Tel: +359 2 326088. E-mail:

Notes for editors:

  1. According to UNICEF, reversing the decline in breastfeeding could save the lives of 1.5 million infants around the world every year. Where water is unsafe an artificially-fed child is up to 25 times more likely to die as a result of diarrhoea than a breastfed child. Even in the most hygienic of conditions an artificially-fed child is at increased risk of diabetes, respiratory infections and allergies.

  2. The International Code of Marketing of Breastmilk Substitutes was adopted by the World Health Assembly in 1981 as a "minimum requirement" to be implemented by Member States "in its entirety." Subsequent Resolutions have addressed questions of interpretation and changes in marketing practices and scientific knowledge.

  3. Pictures for articles can be down-loaded. These include violations in Bulgaria, Mike Brady meeting Dr. Modeva in Sofia, the winning entries in a Bulgarian Boycott Nestle drawing competition and a picture of the Bulgarian Parliament. Also see the codewatch and resources sections.

  4. The Managing Director of Nestlé India faces a prison sentence if convicted in a long-running court case over labelling. Nestlé has taken the Indian Government to court and is attempting to have key sections of the law revoked. When Zimbabwe was introducing legislation, Nestlé threatened to close down its factory.

  5. Nestlé includes a letter from Bulgaria in its public relations book, Nestlé implementation of the WHO Code, but the letter does not even refer to the International Code and UNICEF described it as non-committal. It appears that Nestlé has been attempting to convince European governments that they cannot implement the Code, but must follow a weaker European Union Directive. This is not even true for countries within the European Union.

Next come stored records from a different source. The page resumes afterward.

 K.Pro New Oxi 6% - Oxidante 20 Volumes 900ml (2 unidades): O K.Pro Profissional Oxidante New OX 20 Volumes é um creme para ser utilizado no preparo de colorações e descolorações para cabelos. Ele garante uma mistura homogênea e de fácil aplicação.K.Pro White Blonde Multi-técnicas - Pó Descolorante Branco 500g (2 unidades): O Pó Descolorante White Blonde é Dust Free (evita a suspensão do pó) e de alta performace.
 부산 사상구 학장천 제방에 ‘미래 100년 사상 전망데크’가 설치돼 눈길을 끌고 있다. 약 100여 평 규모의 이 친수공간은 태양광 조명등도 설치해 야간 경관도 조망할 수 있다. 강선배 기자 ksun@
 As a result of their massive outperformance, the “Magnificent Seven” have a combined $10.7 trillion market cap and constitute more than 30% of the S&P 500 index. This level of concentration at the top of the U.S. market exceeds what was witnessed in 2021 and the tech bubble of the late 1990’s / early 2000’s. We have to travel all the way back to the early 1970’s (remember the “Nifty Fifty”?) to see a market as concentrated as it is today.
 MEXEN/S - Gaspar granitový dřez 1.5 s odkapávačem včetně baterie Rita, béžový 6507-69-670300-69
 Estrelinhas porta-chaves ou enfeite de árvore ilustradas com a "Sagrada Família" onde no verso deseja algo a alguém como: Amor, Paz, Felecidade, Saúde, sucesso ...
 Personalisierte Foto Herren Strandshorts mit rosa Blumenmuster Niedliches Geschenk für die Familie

  6. The boycott was launched in 1977, then suspended in 1984 when Nestlé gave an undertaking to abide by the International Code. Monitoring found that Nestlé did not keep its promise and the boycott was re-launched in 1989. Today it is active in 19 countries. (See the History of the Campaign).

  7. Nestlé malpractice in Pakistan has recently been exposed by a former employee (see the summary of Milking Profits). An external audit of Nestlé Pakistan was launched in May (see British Medical Journal article Nestlé violates international marketing code, says audit and Baby Milk Action press release, 24 May 2000).

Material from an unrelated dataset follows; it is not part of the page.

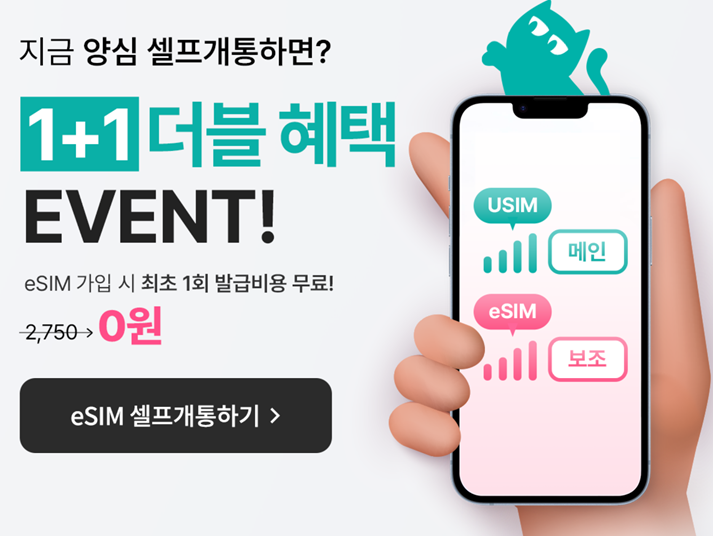 eSIM(이심) 서비스는 하나의 폰에 두 개의 번호를 사용할 수 있어 업무용이나 개인용 번호를 분리함 해 워라밸을 보호하고, 주차번호라던가 택배, 배달용등의 개인정보를 보호할 수 있는 장점을 가지고 있습니다. 두개의 번호를 사용하는 데 있어 필요한 통신비의 경우에도 스마트한 요금제 조합을 통해 기존에 받던 혜택은 그대로 가지고 가면서 새로운 통신사 혜택까지 받을 수 있어 유용합니다.
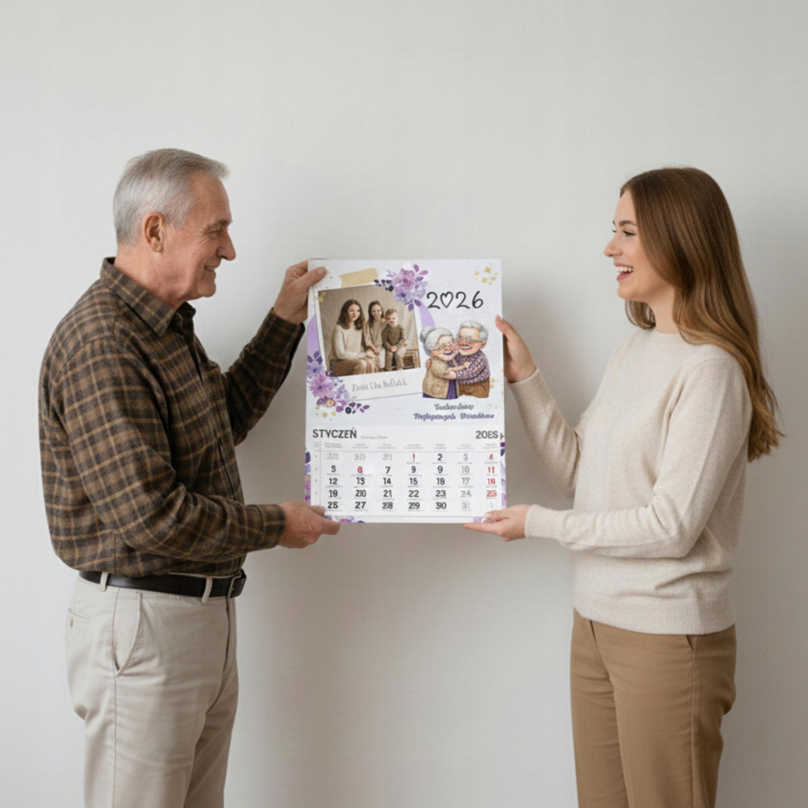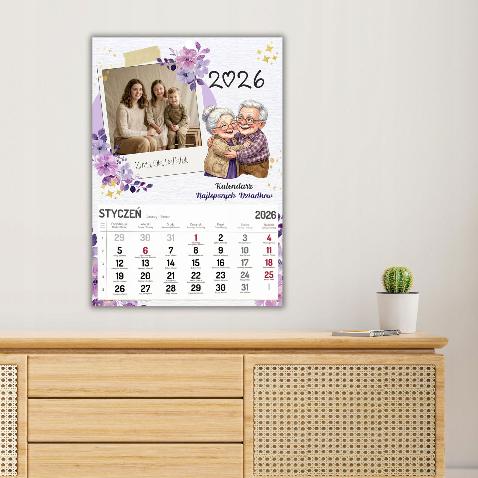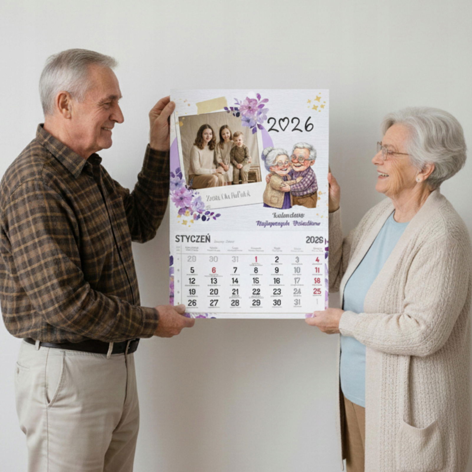 W pełni personalizowany: Na okładce umieścimy Twoje zdjęcie (wnuków, całej rodziny) oraz imiona dzieci! To sprawia, że każdy egzemplarz jest unikatowy. � Przepiękna szata graficzna: Delikatne, akwarelowe kwiaty w odcieniach fioletu oraz ciepła ilustracja przytulonych dziadków dodają całości uroku i elegancji. ? Duży i czytelny: Format A3 (ok. 30x42 cm) oraz wyraźne cyfry w kalendarium (z zaznaczonymi świętami i dniami wolnymi) są idealne dla seniorów. ? Gotowy prezent: Taki kalendarz to gotowy, efektowny upominek, który z dumą zawiśnie na ścianie w kuchni lub salonie Dziadków.

  8. In May 1999 the UK Advertising Standards Authority upheld all of Baby Milk Action's complaints against a Nestlé anti-boycott advertisement in which the company claimed to market infant formula "ethically and responsibly" (see press release 12 May 2000).

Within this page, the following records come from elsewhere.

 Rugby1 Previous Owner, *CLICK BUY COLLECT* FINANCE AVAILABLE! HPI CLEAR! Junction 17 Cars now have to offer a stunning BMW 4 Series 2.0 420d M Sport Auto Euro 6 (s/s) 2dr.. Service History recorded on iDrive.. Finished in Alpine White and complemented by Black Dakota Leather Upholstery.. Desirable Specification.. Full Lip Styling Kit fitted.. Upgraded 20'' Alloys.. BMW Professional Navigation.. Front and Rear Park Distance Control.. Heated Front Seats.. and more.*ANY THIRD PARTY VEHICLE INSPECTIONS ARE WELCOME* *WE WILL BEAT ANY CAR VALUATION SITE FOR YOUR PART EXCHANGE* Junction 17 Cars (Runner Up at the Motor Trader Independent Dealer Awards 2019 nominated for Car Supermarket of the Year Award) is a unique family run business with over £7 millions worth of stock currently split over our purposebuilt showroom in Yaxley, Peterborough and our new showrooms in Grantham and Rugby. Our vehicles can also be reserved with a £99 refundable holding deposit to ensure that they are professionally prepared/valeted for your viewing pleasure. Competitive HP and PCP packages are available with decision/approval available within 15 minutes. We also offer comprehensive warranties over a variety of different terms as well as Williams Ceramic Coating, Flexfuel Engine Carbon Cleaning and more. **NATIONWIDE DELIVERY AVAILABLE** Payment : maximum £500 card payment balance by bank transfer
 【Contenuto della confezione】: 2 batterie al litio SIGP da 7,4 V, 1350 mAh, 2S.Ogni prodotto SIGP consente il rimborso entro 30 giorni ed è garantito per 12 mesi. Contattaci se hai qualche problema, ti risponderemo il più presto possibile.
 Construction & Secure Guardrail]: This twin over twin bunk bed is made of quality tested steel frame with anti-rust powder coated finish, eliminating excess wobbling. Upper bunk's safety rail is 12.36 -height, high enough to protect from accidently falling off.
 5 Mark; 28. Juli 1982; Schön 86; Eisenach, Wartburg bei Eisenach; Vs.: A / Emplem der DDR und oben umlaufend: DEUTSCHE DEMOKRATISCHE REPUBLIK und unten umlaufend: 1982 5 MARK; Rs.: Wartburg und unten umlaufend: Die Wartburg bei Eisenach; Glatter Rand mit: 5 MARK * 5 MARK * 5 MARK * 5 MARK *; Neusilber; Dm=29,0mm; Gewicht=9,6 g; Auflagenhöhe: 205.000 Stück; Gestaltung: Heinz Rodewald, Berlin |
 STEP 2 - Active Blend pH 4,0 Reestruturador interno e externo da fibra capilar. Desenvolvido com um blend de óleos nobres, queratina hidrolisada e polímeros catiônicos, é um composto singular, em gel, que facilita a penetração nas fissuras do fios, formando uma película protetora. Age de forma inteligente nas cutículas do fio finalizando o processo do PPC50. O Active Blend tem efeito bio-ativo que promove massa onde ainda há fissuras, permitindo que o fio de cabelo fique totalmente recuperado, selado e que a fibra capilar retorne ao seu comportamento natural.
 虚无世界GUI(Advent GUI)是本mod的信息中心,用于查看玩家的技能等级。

  9. The Church of England Synod endorsed the boycott in 1991. It suspended support in 1994, while gathering its own evidence. The report Cracking the Code was published as a result in 1997, and concluded that baby food companies, including Nestlé, are violating the marketing requirements in a "systematicÓ manner. The 1997 Synod affirmed the conclusions of the report and called for companies and governments to take action (See Boycott News 22). In a report for the July 2000 Synod the Church Ethical Investment Action Group comments favourably on Nestlé's business principles and its initiative to obtain "compliance certificates" from governments. Nestlé claims to have received "official verification of compliance" from 54 countries, yet the letters put forward as proof do not substantiate this claim. UNICEF has criticised both Nestlé interpretation of the marketing code and its use of the government letters. Nestlé has admitted to misrepresenting a letter from Denmark and has apologised to the authorities (see Press Release 23 Jan 2000). Other governments have also complained that their letters have been misrepresented. In what is possibly the most bizarre case of misrepresentation, the letter from the Cook Islands states: "I have not noticed any of their products being sold here," yet Nestlé claims it obtained the "verifications of compliance" after a process of dialogue and correction of violations.